In the case of PHR and 40PHR, compared to Comparative Examples 1 and 2, the amount of charge is significantly reduced, the effect on static electricity is excellent, and the decrease in felt strength is relatively small, which is sufficient for practical use. However, the blending ratio of calcium ligninsulfonate is
In the case of 0.5 PHR (Comparative Example 1), the effect on static electricity is slight, and it is not effective in reducing product defects caused by static electricity during felt manufacturing. On the other hand, when the blending amount of calcium ligninsulfonate is 45 PHR (Comparative Example 2), it is effective against static electricity, but the strength of the felt decreases, so the blending amount of resin must be increased, and the felt product The cost will increase. From the above, the blending amount of lignin sulfonate is 1
In the case of ~40 PHR, compared to the conventional product Comparative Example 3, while maintaining the strength of the felt to some extent, the effect against static electricity is significantly improved, and product defects due to static electricity can be reduced. [Effects of the Invention] The felt adhesive of the present invention comprises a phenolic resin obtained by reacting at least phenols and aldehydes, and 1 to 40 parts by weight of lignin based on 100 parts by weight of the phenolic resin. The phenol-based resin and the lignin-based material are uniformly mixed and are in the form of fine powder. This lignin-based material easily absorbs moisture from the atmosphere and has a molecular structure suitable for eliminating static electricity, so this felt adhesive is suitable for eliminating static electricity.

【table】

[Table] Reduces the generation of air and makes it easier for the generated static electricity to escape to the outside of the system. Therefore, lignin-based substances 1~
When manufacturing felt using this felt adhesive containing 40PHR, troubles and product defects caused by static electricity during felt manufacturing are reduced, and powder dust is reduced, without significantly reducing the strength of the felt. Increased resin yield and deterioration of the working environment can be prevented. Furthermore, compared to antistatic agents such as quaternary ammonium and conductive substances such as carbon powder, lignin is cheaper and can be incorporated into products without increasing costs.

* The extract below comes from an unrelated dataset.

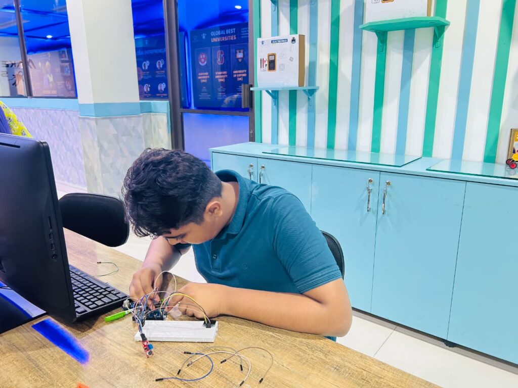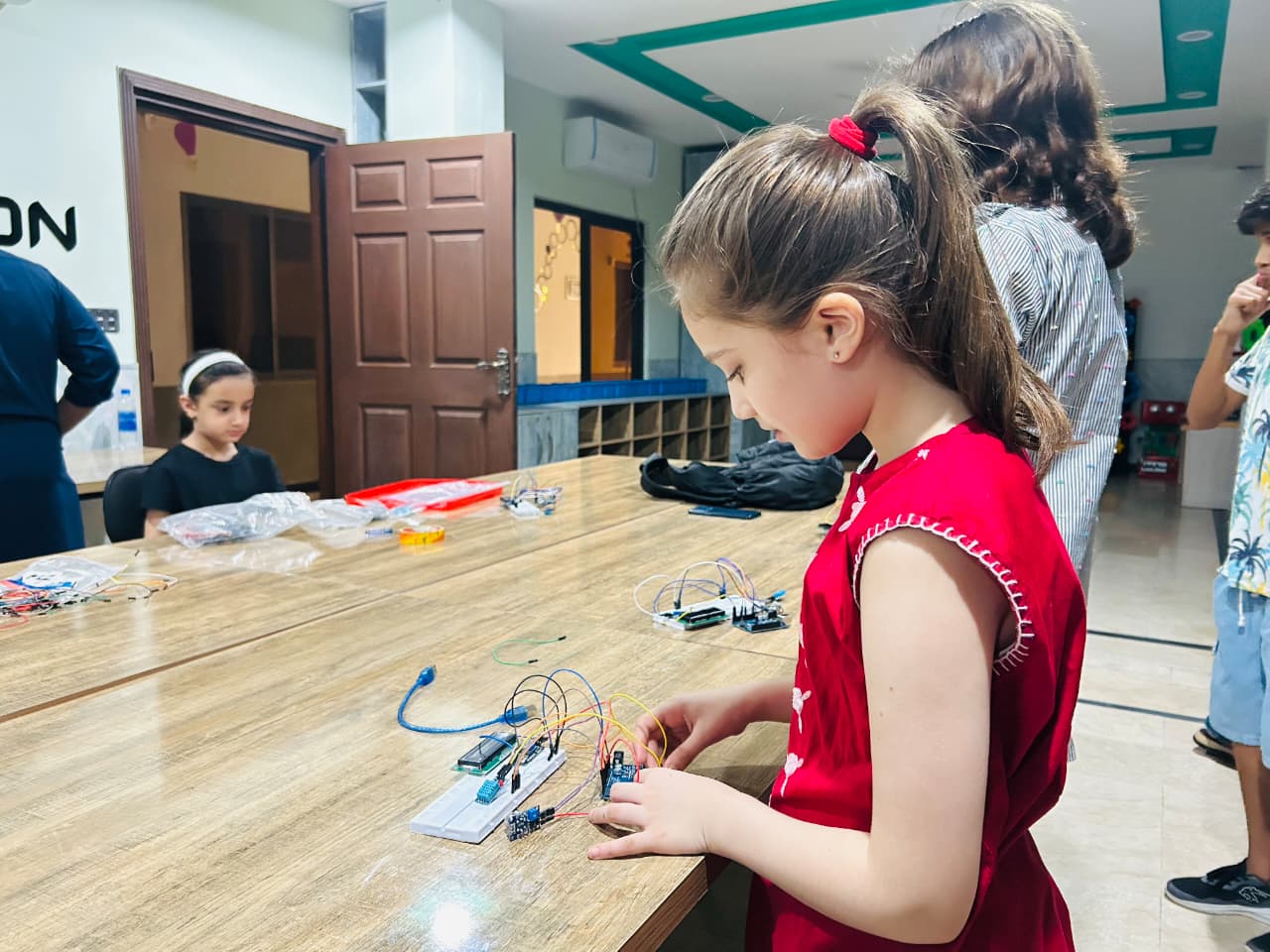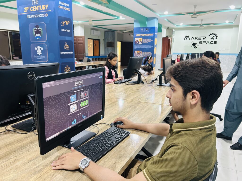 Designed in collaboration with LearnOBots (NUST), Our state-of-the-art AI, Robotics & STEAM (Science, Technology, Engineering, Arts & Mathematics) Lab is designed to inspire innovation, creativity, critical thinking and problem-solving skills among students. Equipped with Modern Tools, Advanced Robotics, AI & Science Kits, and cutting-edge technologies, the Maker Space provides hands-on experience in coding, electronics, engineering and automation. Students learn to design, build and program robots while exploring concepts of artificial intelligence, electronics and Science.

Furthermore, compared to antistatic agents such as quaternary ammonium salts, the antistatic effect is superior in durability, and there is little risk that the antistatic effect will decrease even during long-term product storage.

Claims (1)

[Claims] 1 Consists of a phenolic resin obtained by reacting at least phenols and aldehydes, and 1 to 40 parts by weight of a lignin material per 100 parts by weight of the phenolic resin, and the phenolic resin is a novolac resin. and a hardening agent, the lignin-based material is a lignin sulfonate, and the phenol-based resin and the lignin-based material are uniformly mixed in the form of fine powder.